Предыдущая глава началась, пусть и, казалось бы, неуместно, с имени святого Эдуарда. Эту главу хорошо бы начать с имени святого Георгия. Его первое явление как покровителя нашего народа произошло по инициативе Ричарда Львиное Сердце во время его кампании в Палестине. И это событие, как мы увидим, поддерживает новую Англию, которой подобало обрести нового святого.
Но Эдуард Исповедник – персонаж английской истории, в то время как святой Георгий, кроме того, что он числится римским воином в мартирологе, вряд ли может быть отнесен к какой-то конкретной национальной истории. И если мы хотим понять смысл самой благородной и самой спорной из всех человеческих революций, мы вряд ли сумеем подступить ближе к его пониманию, чем при рассмотрении вопроса: как прогресс и просвещение соотносятся с переходом от хроники к роману.
В любом интеллектуальном заповеднике современности можно услышать фразу вроде той, что я только что прочел в газетной полемической статье: «Спасение, как и прочие достойные вещи, не должно приходить извне». Толкование духовного как внешнего, а не внутреннего – главный мотив модернистского самоотлучения. Но если темой нашего исследования является Средневековье, а не современность, нам предстоит докопаться, отринув этот мотив, до совершенно противоположной мысли. Мы должны почувствовать себя в шкуре людей, полагавших, что все достойное приходит извне – как благая весть.
Признаюсь, я здесь не беспристрастен, и процитированная газетная фраза выглядит в моих глазах извращением самой сути вещей. Я, основываясь на собственных наблюдениях, не верю, что младенец добывает физическую пищу, высасывая ее из собственного пальца; точно так же и взрослый человек не добывает духовную пищу, высасывая собственную душу и отрицая зависимость в этом плане от Бога или других достойных вещей. Я настаиваю на том, что благодарение – высшая форма сознания, и что благодарность есть счастье, удвоенное чудом.
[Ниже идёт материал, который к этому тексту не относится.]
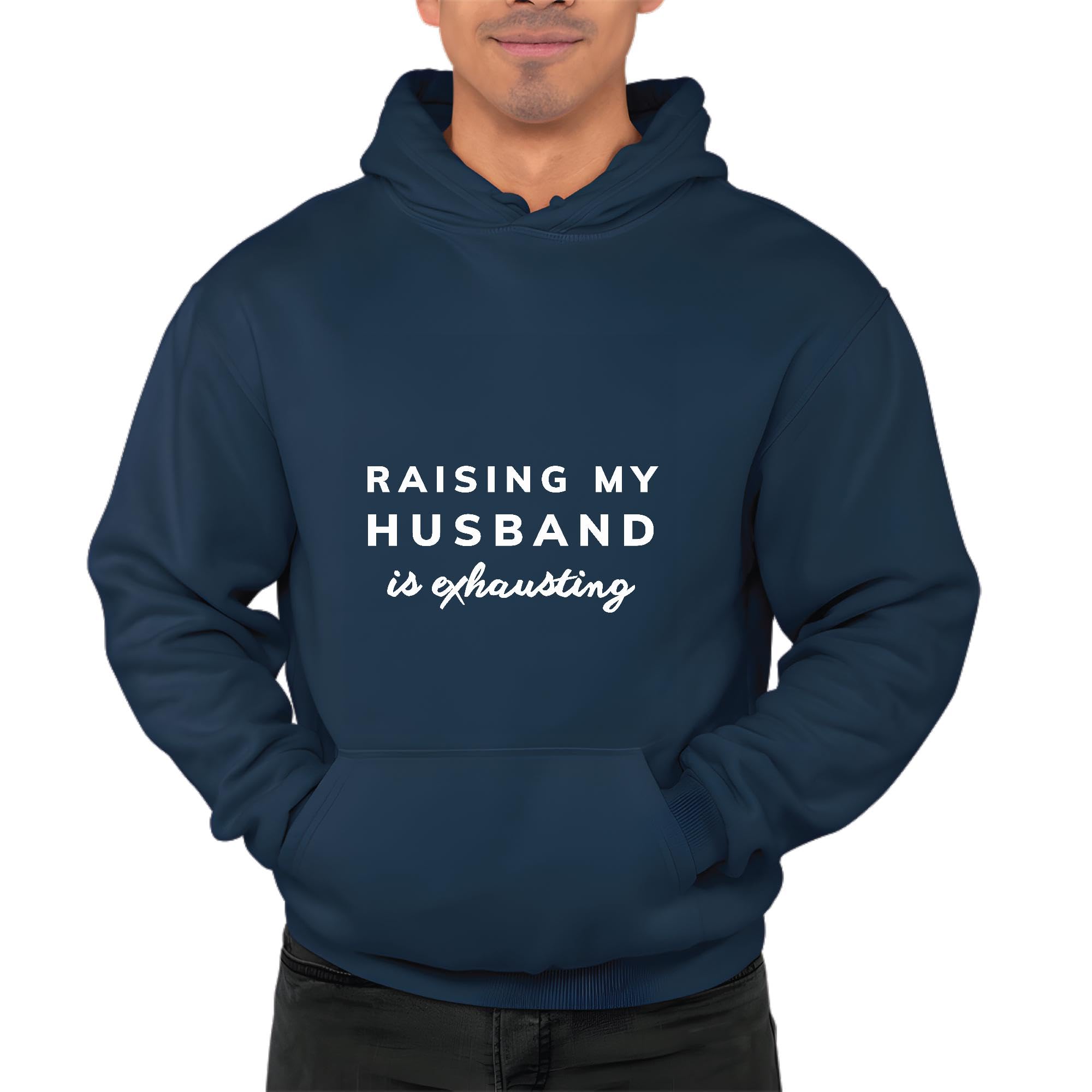 Raising my Husband is Exhausting funny saying from Wife Navy and Muticolor Unisex Hoodie

Но мои вера в восприимчивость и уважение к внешним по отношению к человеку вещам нужны мне здесь не только для объяснения того, что следовало бы объяснять в любой версии истории этой эпохи. Ни в чем другом современный немецкий язык не является более современным – или более безумным, – чем в поиске немецкого имени для всего вокруг. Это поедание собственной речи – другими словами, кусание себя за язык. В Средневековье нет ничего более свободного и разумного, чем принятие имен и символов извне, из-за столь сильно любимых ими границ.
Монастыри не только часто принимали странников, но практически боготворили их. Обычный искатель приключений вроде Брюса взошел на трон и заслужил восхваление, как будто на самом деле он был странствующим рыцарем. И патриотически настроенное общество выбирало чаще всего именно иноземца как своего святого покровителя. Поэтому множество ирландцев было причислено к лику святых, но сам святой Патрик ирландцем не был. И когда англичане постепенно сформировались в нацию, они прошли мимо бесчисленных саксонских святых, не стали заниматься сравнительным анализом святости Эдуарда и надежной славы Альфреда, но призвали полумифического героя, сразившегося в восточной пустыне с невероятным чудовищем.
Этот переход и этот символ поднял знамя Крестовых походов. Их романтика и их реальность оказались первыми английскими попытками познания внешнего, причем очень удаленного, мира. Англия, как и весь христианский Запад, без стыда разрасталась на всем привозном. От дорог Цезаря до церквей Ланфранка. Она просила пищи у Бога. Но теперь ее орлы встали на крыло и нацелились на далекую дичь. Теперь они искали диковинное вместо того, чтобы принимать его. Англичане сделали шаг от принятия к приключению и приступили к написанию своего корабельного эпоса. Масштаб этого великого религиозного движения, всколыхнувшего Англию вместе с остальным Западом, способен заметно раздуть книгу вроде этой, нарушив ее пропорции. Но лучше уж так, чем ограничиться отпиской в стилистике минималистски сдержанных и фригидных обзоров.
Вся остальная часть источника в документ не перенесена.